What to do: Nothing but the text belongs in the answer: the listing below, copied exactly, without pictures.

Input data:

───

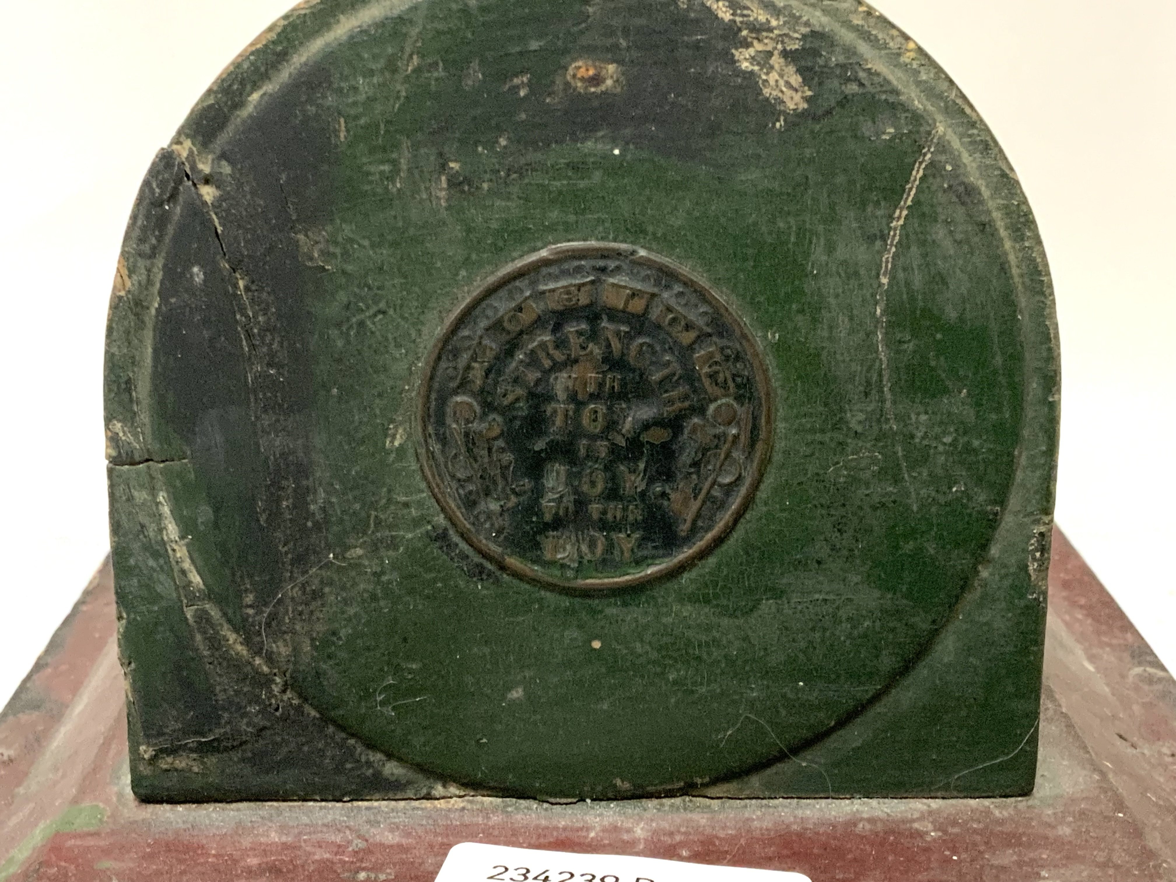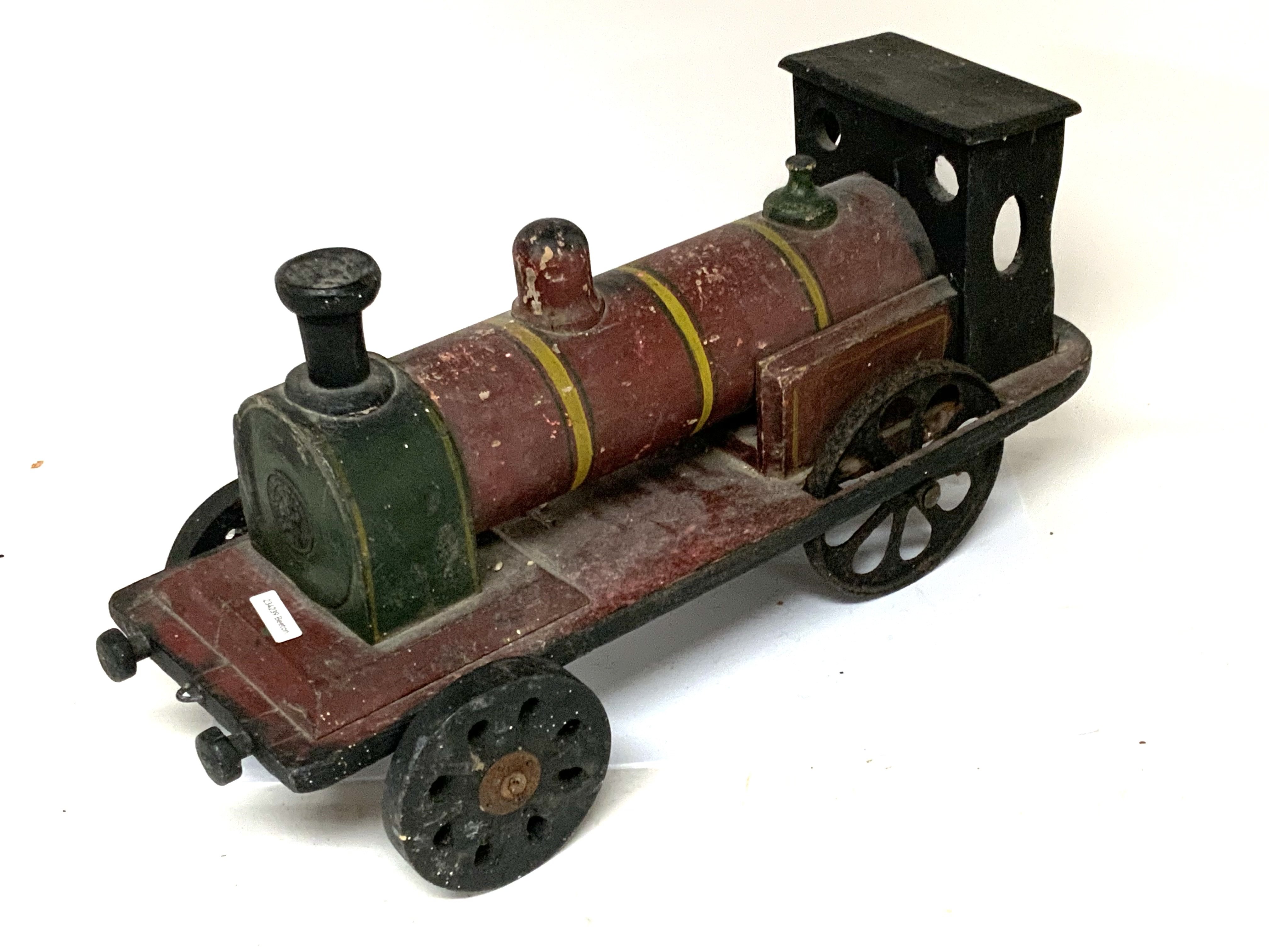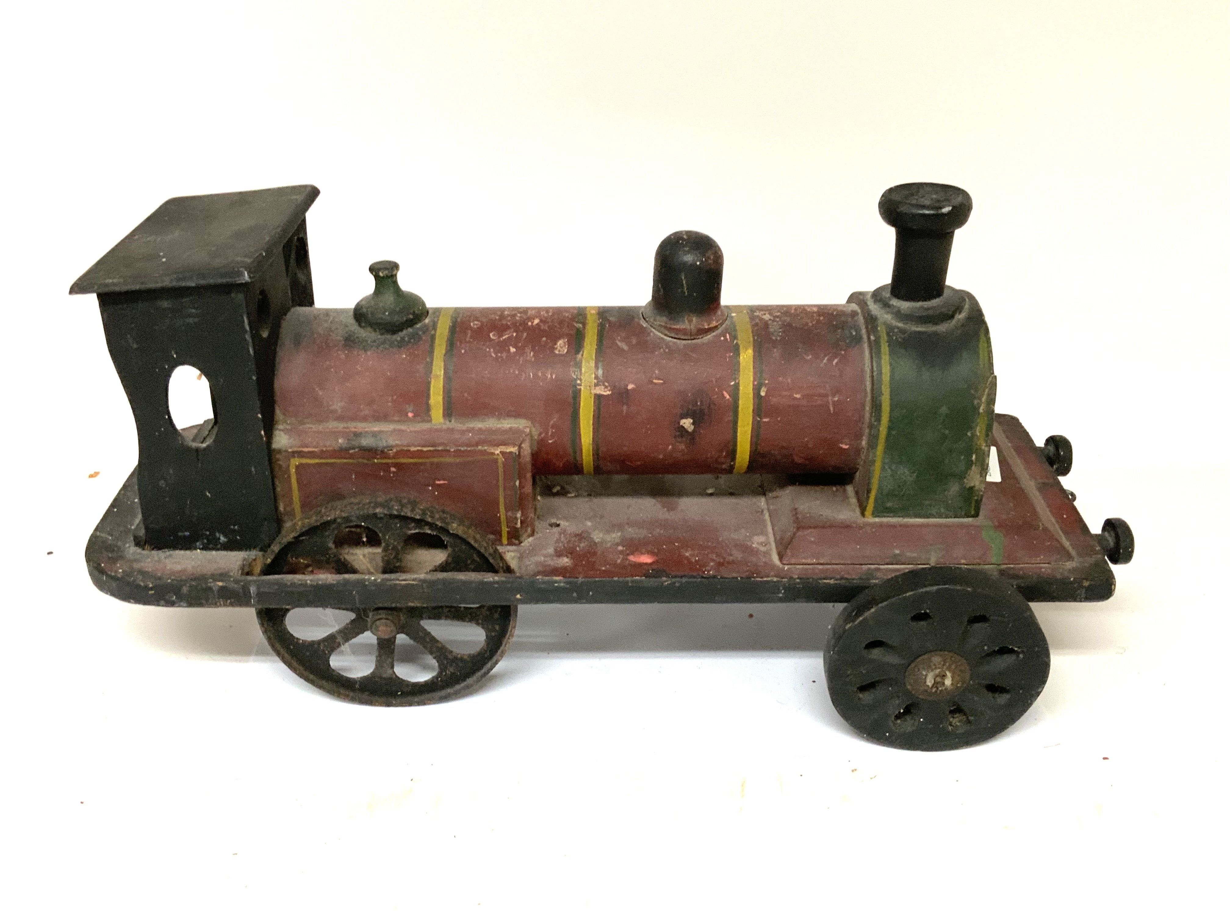 A Vintage Wooden model toy steam train. Pressed brass panel to front stamped JOYBOY, strength in the toy is Joy in the Toy. Overall length 53cm. Playworn condition. (C)
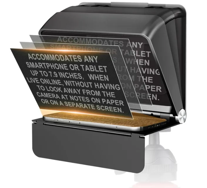 Надёжный помощник для тех, кто снимает видео с текстовой подсказкой без потери зрительного контакта с камерой. Устройство поддерживает смартфоны и планшеты до 25 см, работает в горизонтальном и вертикальном положении, а полупрозрачное зеркало 70/30 обеспечивает чёткое отображение текста без потери качества изображения. Быстрая сборка, складная конструкция и дистанционное управление делают его удобным как для студийной съёмки, так и для работы на выезде.
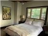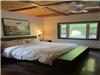 There are four bedrooms: one children's room with four single beds, two spacious rooms with queen beds, and one master bedroom with a king-sized bed, a walk-in closet and an attached bathroom. The home's entrance is very private, as it is surrounded by forest and mountains, offering a secluded and peaceful setting. The house also includes two full bathrooms.
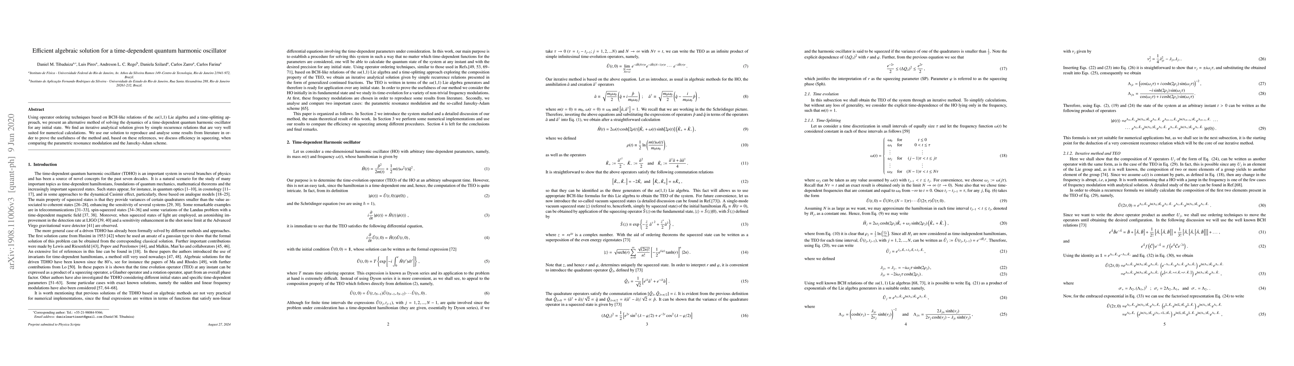 Using operator ordering techniques based on BCH-like relations of the su(1,1) Lie algebra and a time-splitting approach,we present an alternative method of solving the dynamics of a time-dependent quantum harmonic oscillator for any initial state. We find an iterative analytical solution given by simple recurrence relations that are very well suited for numerical calculations. We use our solution to reproduce and analyse some results from literature in order to prove the usefulness of the method and, based on these references, we discuss efficiency in squeezing, when comparing the parametric resonance modulation and the Janszky-Adam scheme.

───

Answer to this task:
 A Vintage Wooden model toy steam train. Pressed brass panel to front stamped JOYBOY, strength in the toy is Joy in the Toy. Overall length 53cm. Playworn condition. (C)
 Надёжный помощник для тех, кто снимает видео с текстовой подсказкой без потери зрительного контакта с камерой. Устройство поддерживает смартфоны и планшеты до 25 см, работает в горизонтальном и вертикальном положении, а полупрозрачное зеркало 70/30 обеспечивает чёткое отображение текста без потери качества изображения. Быстрая сборка, складная конструкция и дистанционное управление делают его удобным как для студийной съёмки, так и для работы на выезде.
 There are four bedrooms: one children's room with four single beds, two spacious rooms with queen beds, and one master bedroom with a king-sized bed, a walk-in closet and an attached bathroom. The home's entrance is very private, as it is surrounded by forest and mountains, offering a secluded and peaceful setting. The house also includes two full bathrooms.
 Using operator ordering techniques based on BCH-like relations of the su(1,1) Lie algebra and a time-splitting approach,we present an alternative method of solving the dynamics of a time-dependent quantum harmonic oscillator for any initial state. We find an iterative analytical solution given by simple recurrence relations that are very well suited for numerical calculations. We use our solution to reproduce and analyse some results from literature in order to prove the usefulness of the method and, based on these references, we discuss efficiency in squeezing, when comparing the parametric resonance modulation and the Janszky-Adam scheme.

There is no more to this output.